Drive-to-store is the local version of e-commerce. The goal is to use all the digital levers available to advertisers to transform geolocalised data and the almost constant use of smartphones to encourage customers to come in the store. Whether to make a purchase or collect a parcel, drive-to-store “physicalizes” the customer experience and offers new opportunities to develop one’s business. But you have to know what you’re doing.
When digital technology can be used to boost physical in-store sales
Today, opposing e-commerce and traditional commerce no longer make much sense. The two must work together in an omnichannel logic to personalize customer experiences. As it happens, drive-to-store offers a solution that combines online and physical networks.
In-store shopping is far from being replaced by the web. The latest report by FEVAD (the French Federation of e-commerce and distance selling) highlights that 91.5% of purchases in retail are still made in store.
However, retailers must continuously reinvent themselves to be more flexible and agile. With drive-to-store, digital technology encourages customers to come in store for purposes that vary depending on the strategies used. Here are some examples:
Order online, collect in store
This is the “click and collect” principle that was made popular by large-scale distribution with the “drive” concept. Customers can buy a product online and collect it a few minutes or hours later. As such, they have immediate access to their order, save time, and can later add more products or additional options. It is a cross-selling or upselling strategy that can play a significant role for retailers. Today, 38% of brands offer this logistics solution, according to FEVAD.
Order online, collect from a third-party point of sale
This is the parcel collection point system, whereby businesses agree to receive orders on behalf of other brands. While it is true that businesses usually take a small commission for this service, it is above all an opportunity for them to welcome customers who may have never set foot in their store otherwise. Today, 86% of e-retailers offer this logistics solution.
Book online, experience in store
Customers can make appointments online using a mobile app, a chatbot, or the website, then come in store to enjoy the experience. Whether customers want to try on clothes already picked out and ready upon their arrival, undergo a cosmetic treatment, book a table in a restaurant, or test drive a new car, the smoother the mobile process is, the more they will enjoy the experience. The approach is likely to lead to strong recommendations on social media.
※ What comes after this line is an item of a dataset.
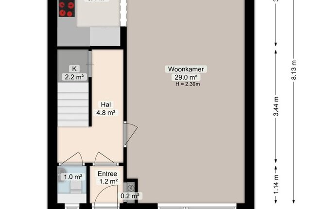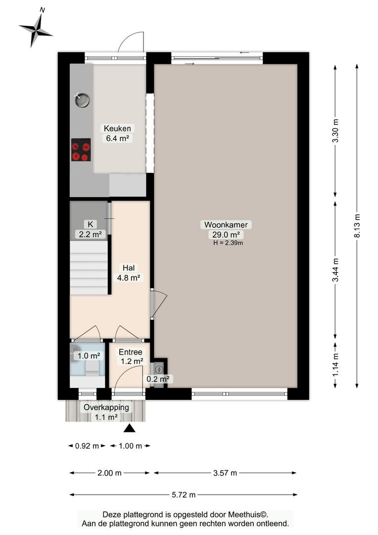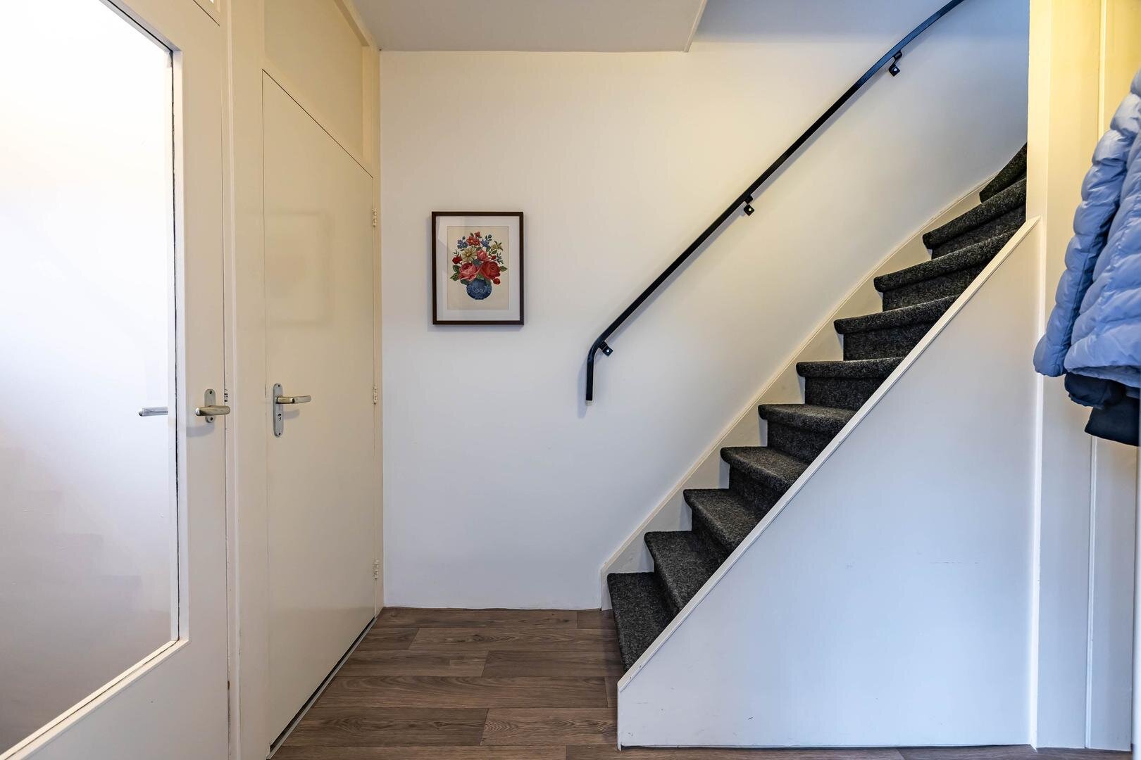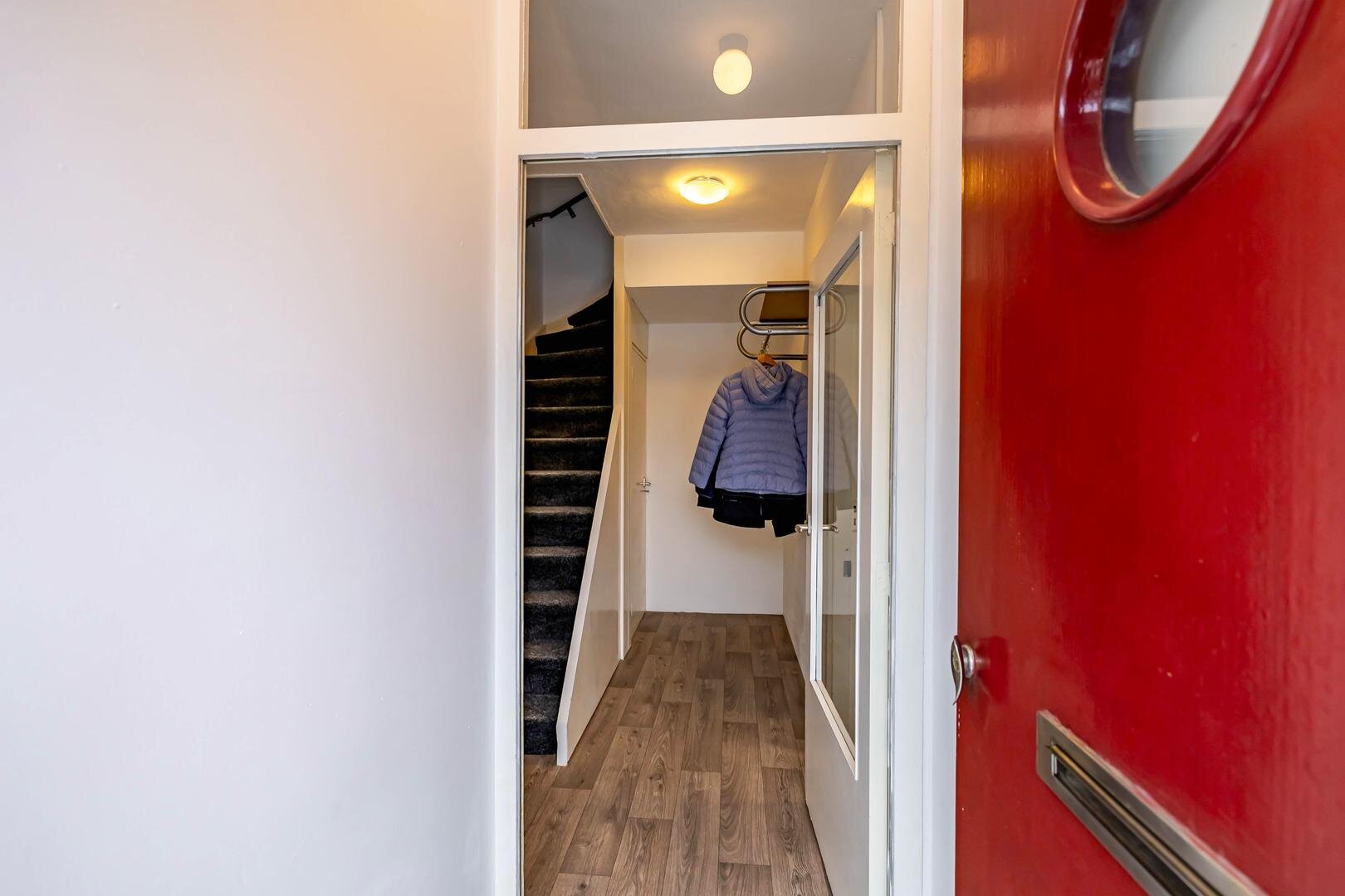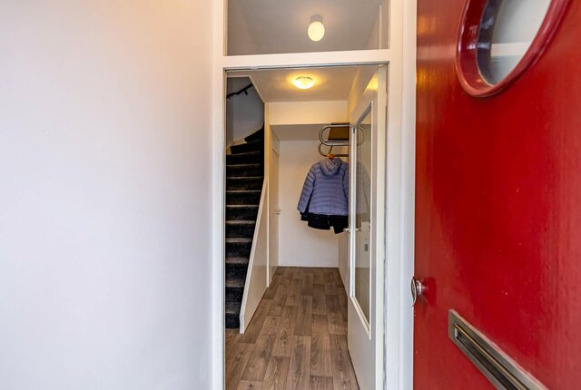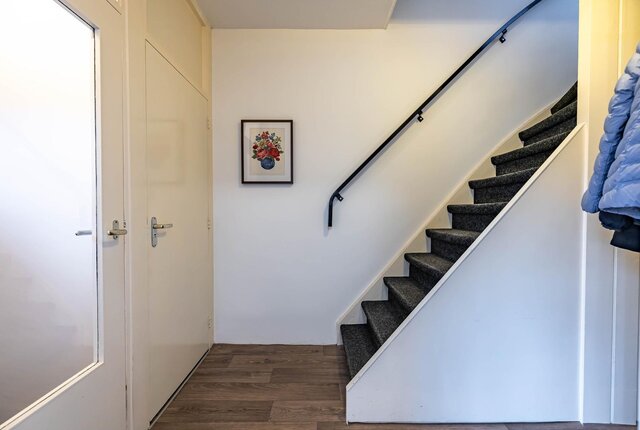 Er is een entree waar ook de meterkast (moderne groepenkast) is met een tochtportaal, een heel ruime hal met handige trapkast, waar veel bergruimte is.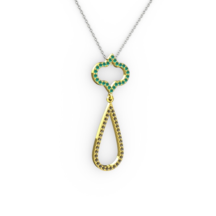 Kök zümrüt ve dumanlı kuvars 925 ayar altın kaplama gümüş kolye (40 cm beyaz altın rolo zincir)

The keys to drive-to-store
Optimising your drive-to-store approach involves mastering several marketing levers. We have identified a few of them to help you:
Local search in major platforms
Google MyBusiness, Yelp, TripAdvisor, Uber Eats… They cannot be underestimated. These tools and intermediation platforms play a key role in establishing relationships between advertisers and potential customers. For retailers, it is therefore essential to rank high in search engine results, to have a strong focus on customer service (importance of ratings), to share tailored content (photos, videos, descriptions), and above all to ensure that all information is always up to date (opening times, store contact details, etc.).
Targeting the right people depending on their commuting and travel habits or their geographical location is essential when it comes to drive-to-store solutions. Geolocation is a strategic lever in such cases. You want to reach out to customers from the surrounding area who are likely to be able to visit your store easily. Whether you are using SMA, SEA or RTB, the more targeted your advertising, the more relevant it will be.
Notifications and mobile apps
If you have a mobile app, geolocation helps better communicate with people near your store. The most common good practice is an embedded store locator for brands that have several stores. Whether customers are looking to enjoy a coffee in Starbucks or purchase a lawnmower in a supermarket, the ability to connect them with a store provides strong added value.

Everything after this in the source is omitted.